EXERCISE OBJECTIVE |
Write out the listing below exactly, and omit any images you find in it.

WORKING DATA: Begin

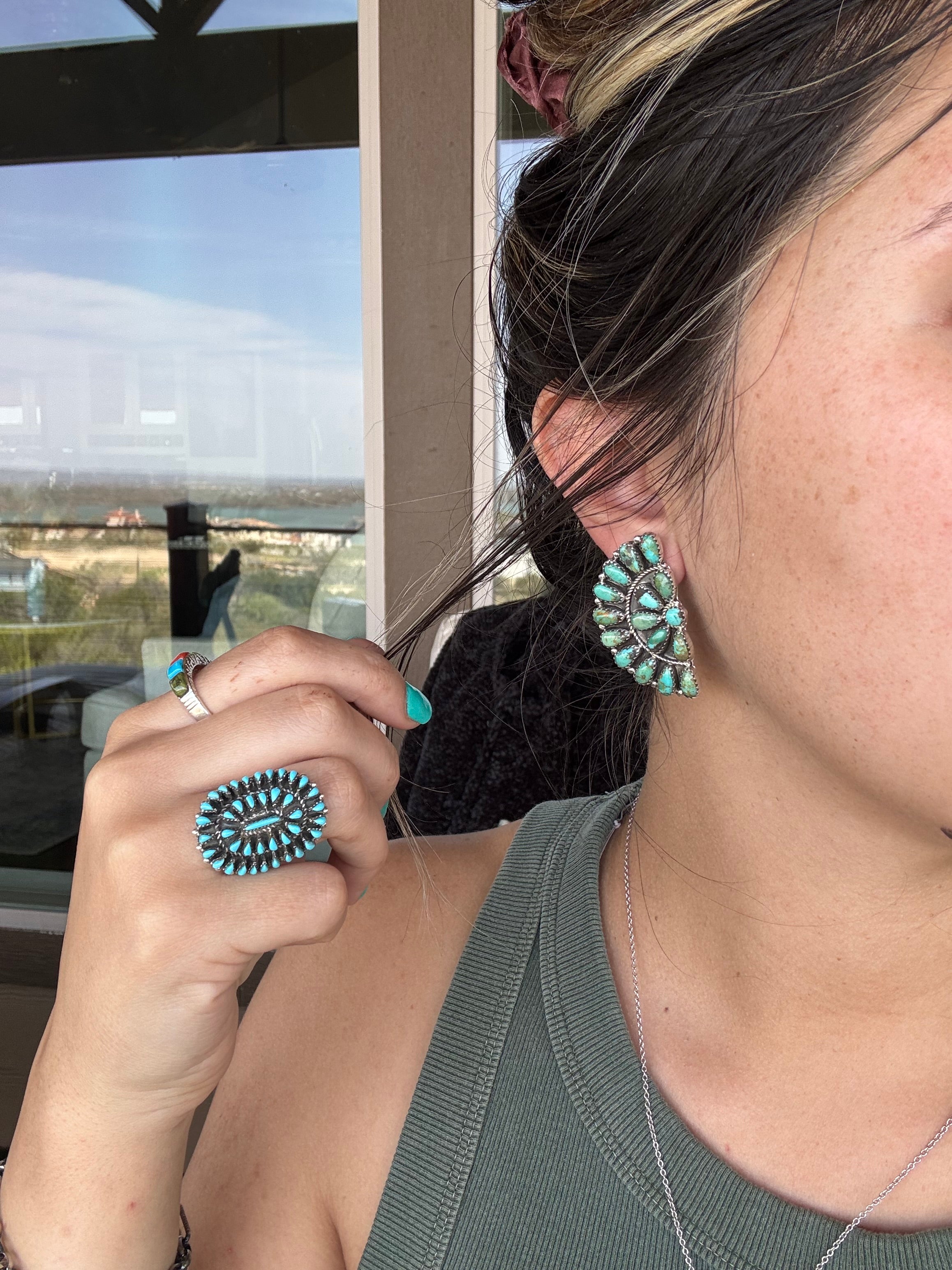 The Pine Half Cluster Turquoise Earrings – Horseshoe J & Co.
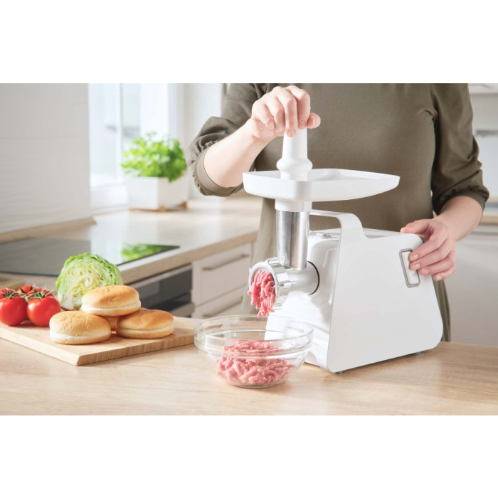Mlynček na mäso spracuje až 1,7 kg mäsa za minútu, takže počas chvíľky budete mať pripravené suroviny na sekanú, chilli noc carne aj hamburgery. K dispozícii budete mať 3 disky, ktoré umožnia úpravu na extra jemné, jemné alebo hrubé kúsky. Tým sa vám otvára pestrá škála chutných receptov z celého sveta.
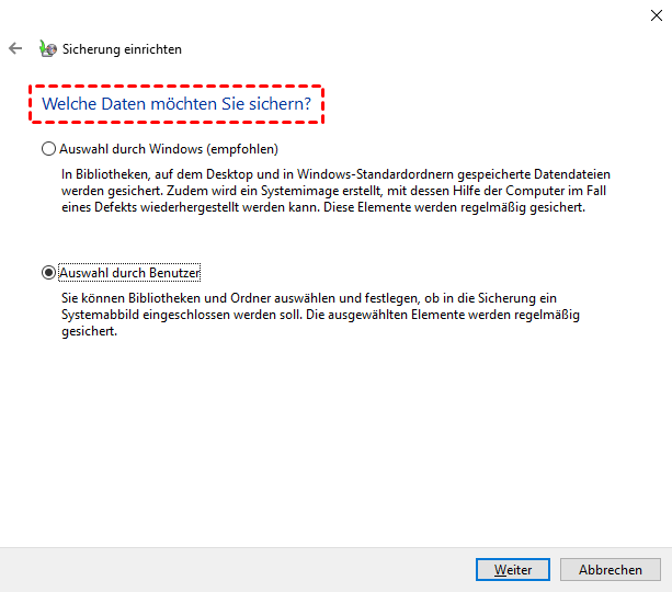 - Auswahl durch Windows (Standard: Sicherung von Bibliotheken, Desktop und Systemdateien).
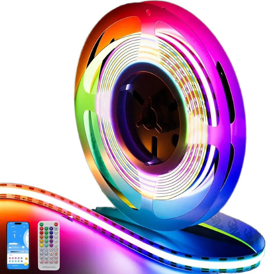 Tira de LED RGB CCT COB, 320 Unidades, Direccionable, Efecto de Agua Fluyendo, Cortable, Luces LED con Control Remoto por Aplicación, Negro WS2811 Epistar DC24V
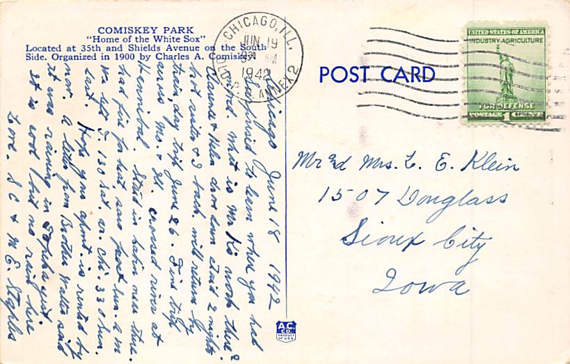 Comiskey Park, Chicago, IL, USA Baseball Stadium Postcard spo023A079: Comiskey Park, Chicago, IL, USA Baseball Stadiums, Base Ball Stadium, Postcard Year Date of Postcard, or Postal Used / Year Used: 1942 Grade: ... Read More
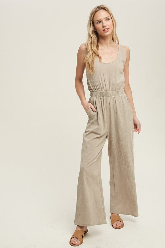 Taupe Linen Jumpsuit
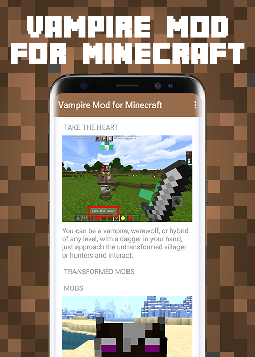 Vampire Mod สำหรับ Minecraft PE เป็นแอปพลิเคชั่นที่ให้คุณติดตั้ง "Vampire Craft Addon" ได้อย่างรวดเร็วและง่ายดายในเกม Minecraft Pocket Edition ของคุณ
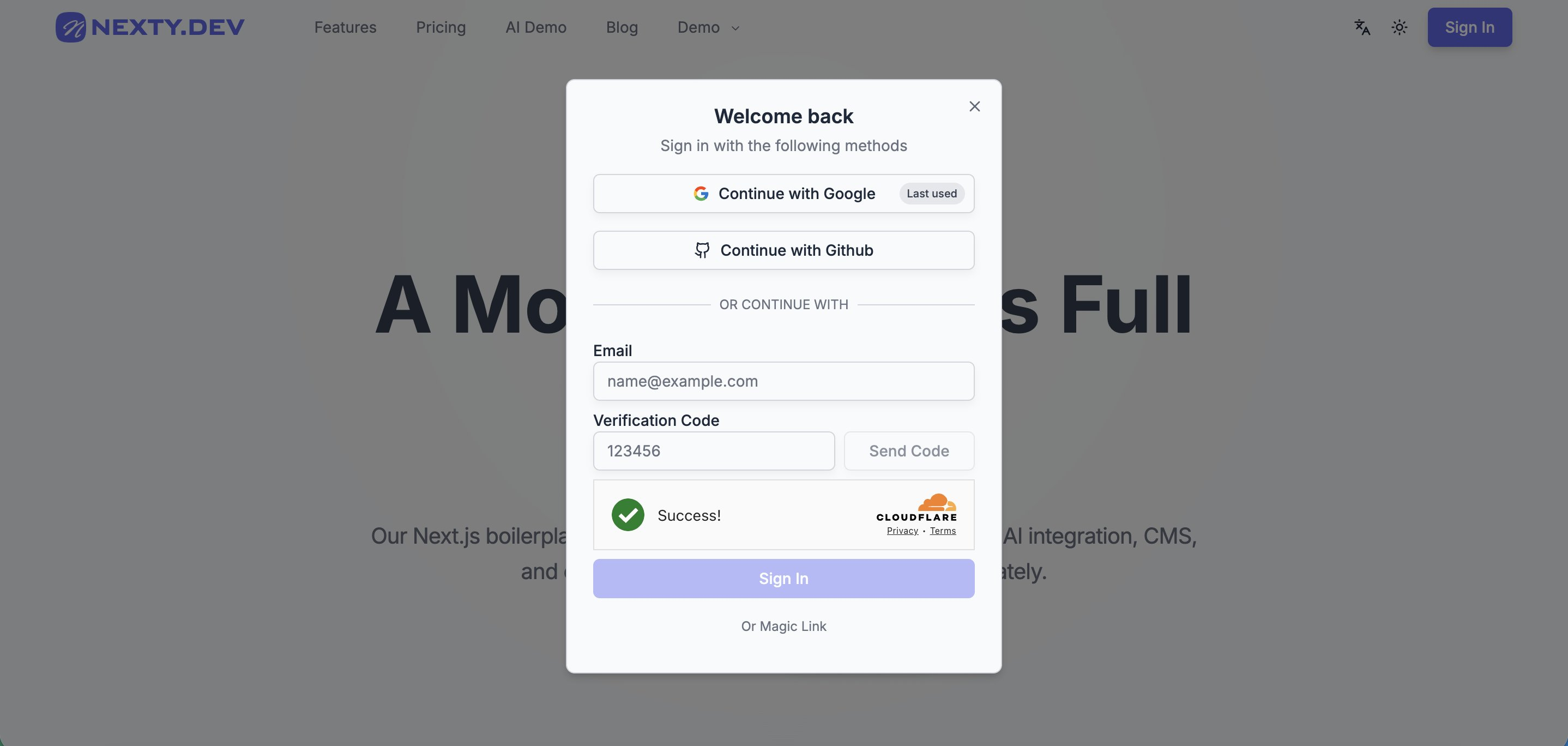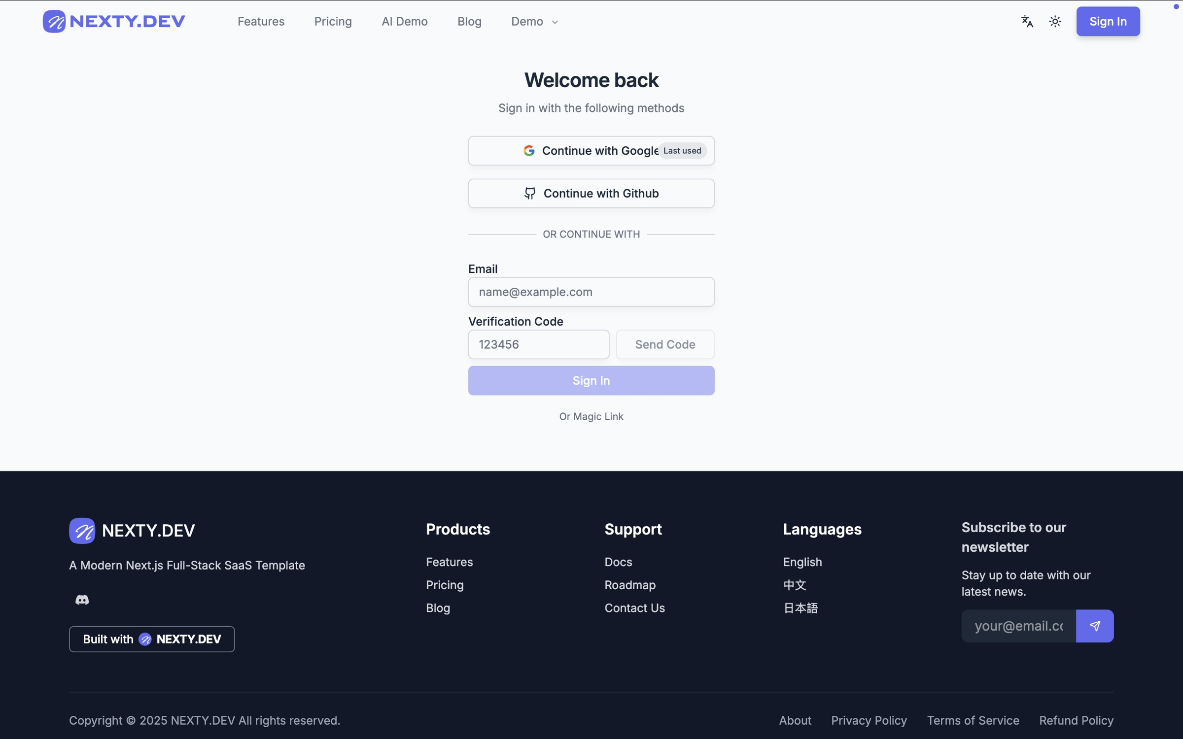 - 支持 3 种登录方式:社交登录(内置Google和GitHub)、邮箱验证码、邮箱 Magic Link
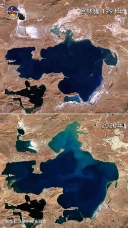 △色林錯(cuò)的水域有了明顯的增加。圖片來源:新華社衛(wèi)星新聞實(shí)驗(yàn)室
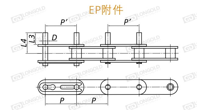 EP附件,鏈條的一側(cè)銷軸延伸的形式,這種形式的附件,可以在延長的銷軸部分根據(jù)客戶的需求做非標(biāo)加工。
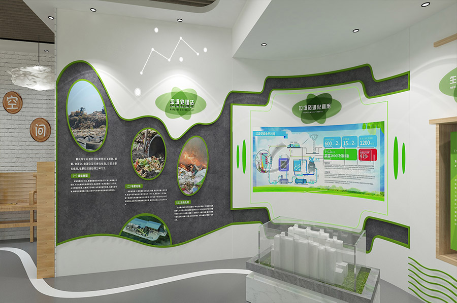 新時尚體驗(yàn)區(qū):該區(qū)域位于展廳的后部,主要展示垃圾分類工作的意義和價值,以及垃圾分類工作對市民生活的影響和改善,包括垃圾分類工作的社會效益、經(jīng)濟(jì)效益、環(huán)境效益等,以及垃圾分類工作的未來展望和目標(biāo),如打造生態(tài)之城、推動綠色發(fā)展、實(shí)現(xiàn)垃圾無害化、減量化、資源化等,展現(xiàn)垃圾分類工作的深遠(yuǎn)意義和前瞻性,以及垃圾分類工作的責(zé)任和擔(dān)當(dāng)。該區(qū)域的設(shè)計(jì)元素主要是當(dāng)?shù)氐淖匀痪坝^和文化氣息,如綠色植物、清新空氣、美麗河岸、和平公園、科普館等,以及垃圾分類的相關(guān)文化和藝術(shù),如垃圾分類的詩歌、歌曲、畫作、雕塑等,營造出一種優(yōu)美而和諧的氛圍。
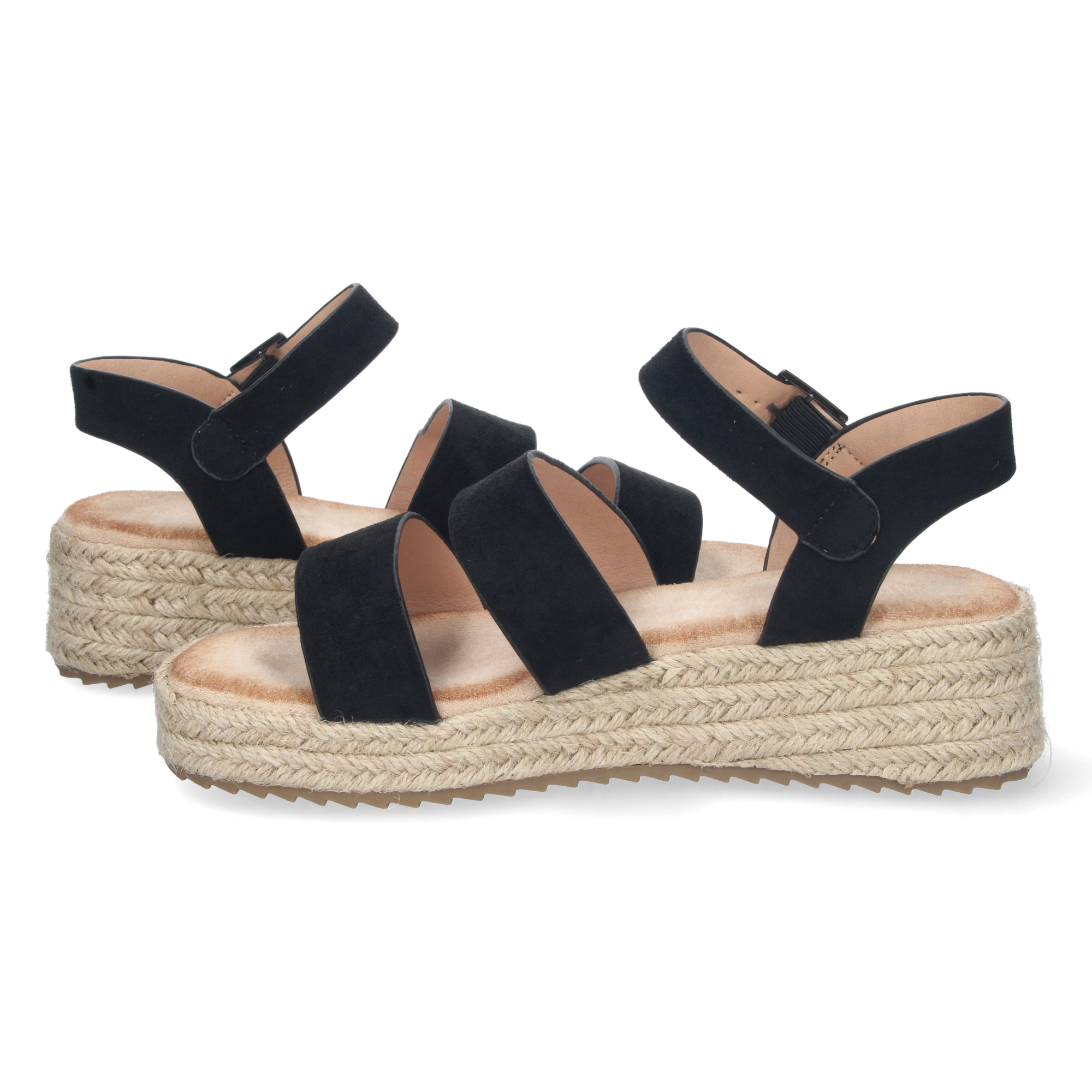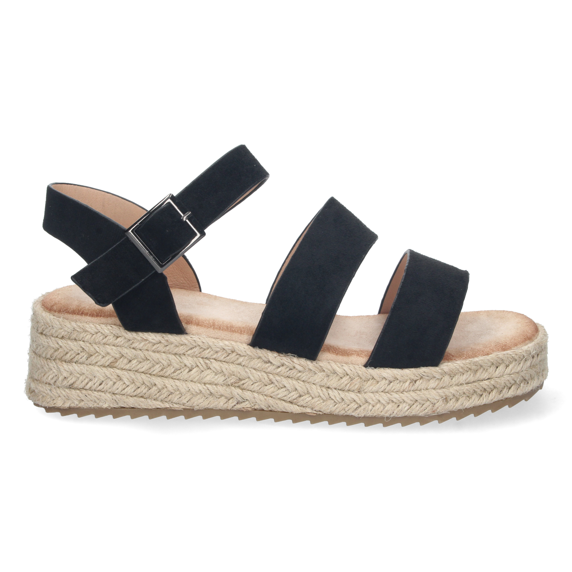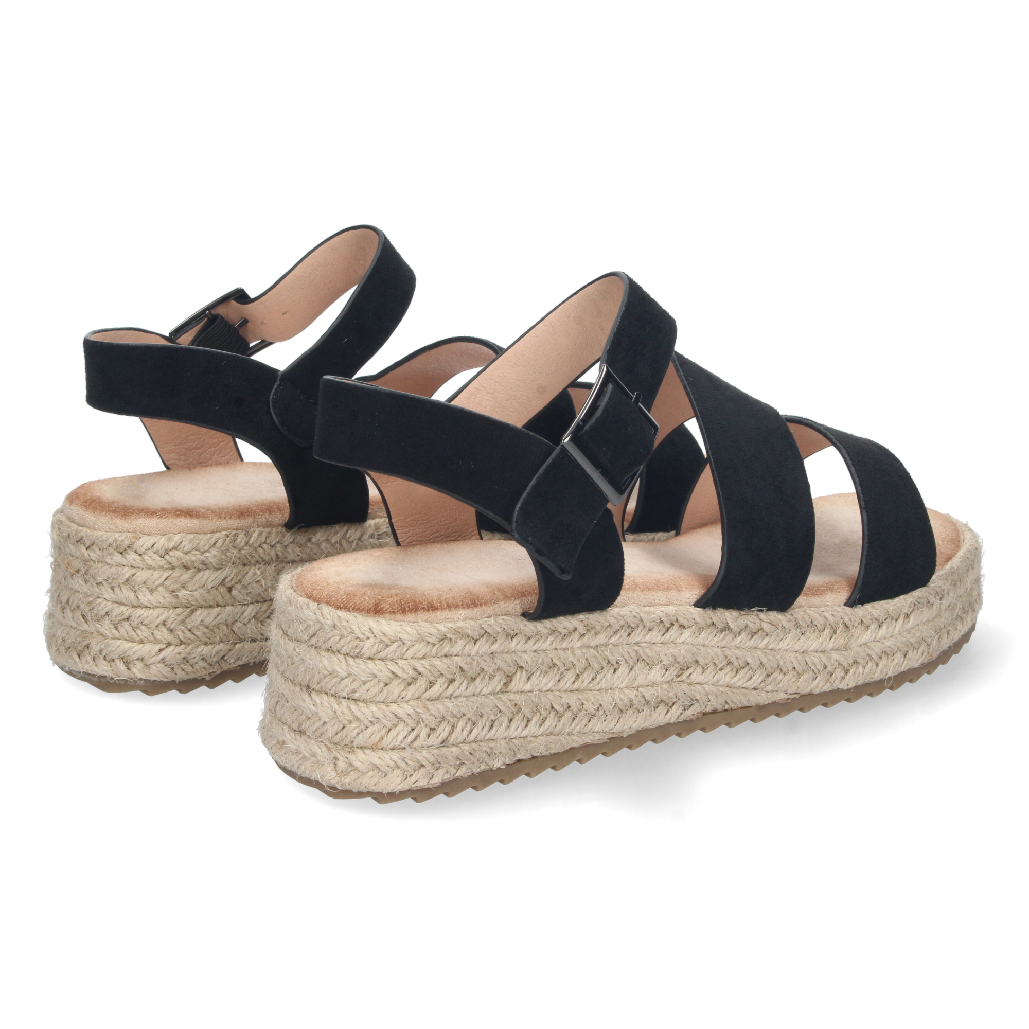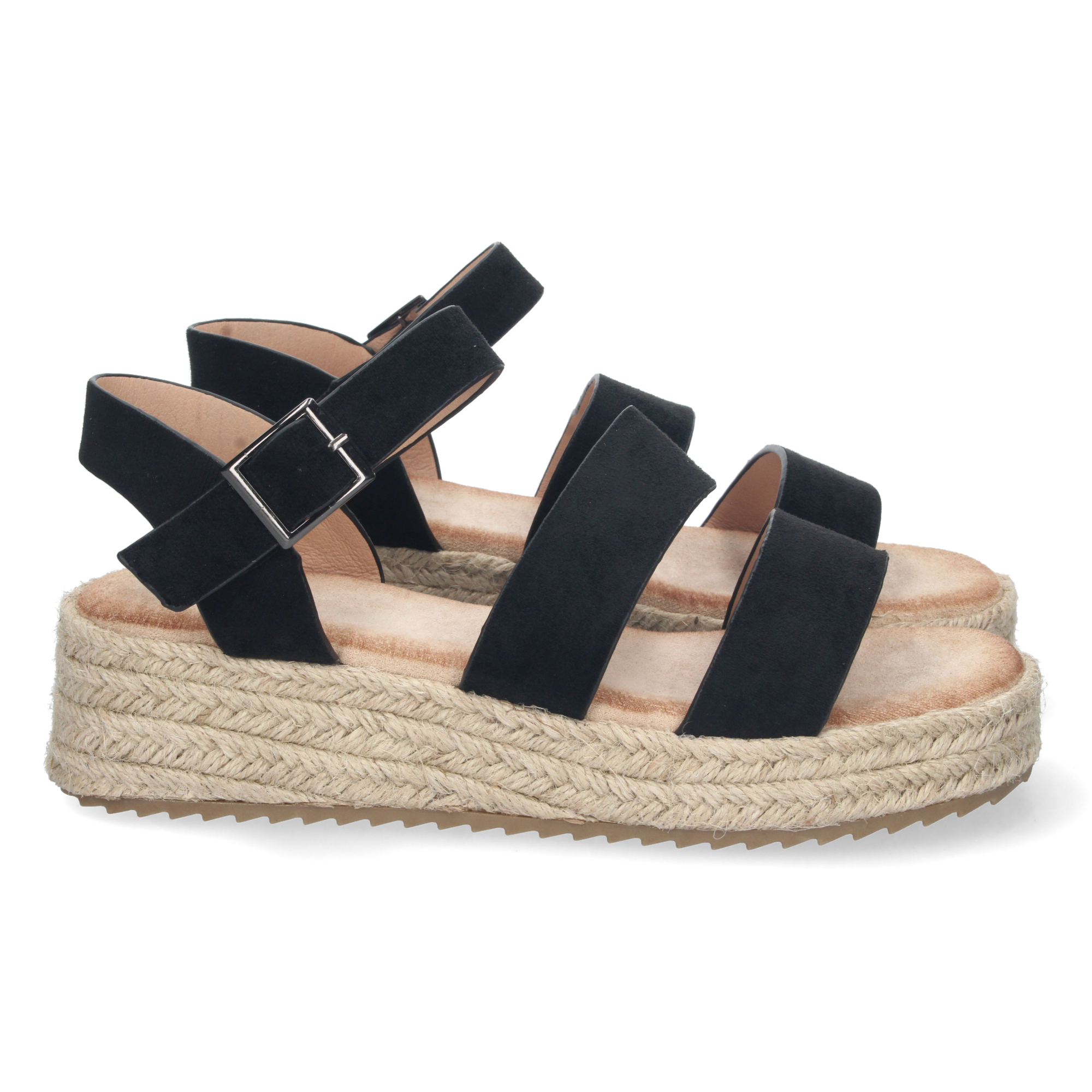 Sandalia de Plataforma para Mujer Forrada de Yute con Estampado Multicolor y Cierre de Hebilla

WORKING DATA: End

EXERCISE RESPONSE |
 The Pine Half Cluster Turquoise Earrings – Horseshoe J & Co.
Mlynček na mäso spracuje až 1,7 kg mäsa za minútu, takže počas chvíľky budete mať pripravené suroviny na sekanú, chilli noc carne aj hamburgery. K dispozícii budete mať 3 disky, ktoré umožnia úpravu na extra jemné, jemné alebo hrubé kúsky. Tým sa vám otvára pestrá škála chutných receptov z celého sveta.
 - Auswahl durch Windows (Standard: Sicherung von Bibliotheken, Desktop und Systemdateien).
 Tira de LED RGB CCT COB, 320 Unidades, Direccionable, Efecto de Agua Fluyendo, Cortable, Luces LED con Control Remoto por Aplicación, Negro WS2811 Epistar DC24V
 Comiskey Park, Chicago, IL, USA Baseball Stadium Postcard spo023A079: Comiskey Park, Chicago, IL, USA Baseball Stadiums, Base Ball Stadium, Postcard Year Date of Postcard, or Postal Used / Year Used: 1942 Grade: ... Read More
 Taupe Linen Jumpsuit
 Vampire Mod สำหรับ Minecraft PE เป็นแอปพลิเคชั่นที่ให้คุณติดตั้ง "Vampire Craft Addon" ได้อย่างรวดเร็วและง่ายดายในเกม Minecraft Pocket Edition ของคุณ
 - 支持 3 种登录方式:社交登录(内置Google和GitHub)、邮箱验证码、邮箱 Magic Link
 △色林錯(cuò)的水域有了明顯的增加。圖片來源:新華社衛(wèi)星新聞實(shí)驗(yàn)室
 EP附件,鏈條的一側(cè)銷軸延伸的形式,這種形式的附件,可以在延長的銷軸部分根據(jù)客戶的需求做非標(biāo)加工。
 新時尚體驗(yàn)區(qū):該區(qū)域位于展廳的后部,主要展示垃圾分類工作的意義和價值,以及垃圾分類工作對市民生活的影響和改善,包括垃圾分類工作的社會效益、經(jīng)濟(jì)效益、環(huán)境效益等,以及垃圾分類工作的未來展望和目標(biāo),如打造生態(tài)之城、推動綠色發(fā)展、實(shí)現(xiàn)垃圾無害化、減量化、資源化等,展現(xiàn)垃圾分類工作的深遠(yuǎn)意義和前瞻性,以及垃圾分類工作的責(zé)任和擔(dān)當(dāng)。該區(qū)域的設(shè)計(jì)元素主要是當(dāng)?shù)氐淖匀痪坝^和文化氣息,如綠色植物、清新空氣、美麗河岸、和平公園、科普館等,以及垃圾分類的相關(guān)文化和藝術(shù),如垃圾分類的詩歌、歌曲、畫作、雕塑等,營造出一種優(yōu)美而和諧的氛圍。
 Sandalia de Plataforma para Mujer Forrada de Yute con Estampado Multicolor y Cierre de Hebilla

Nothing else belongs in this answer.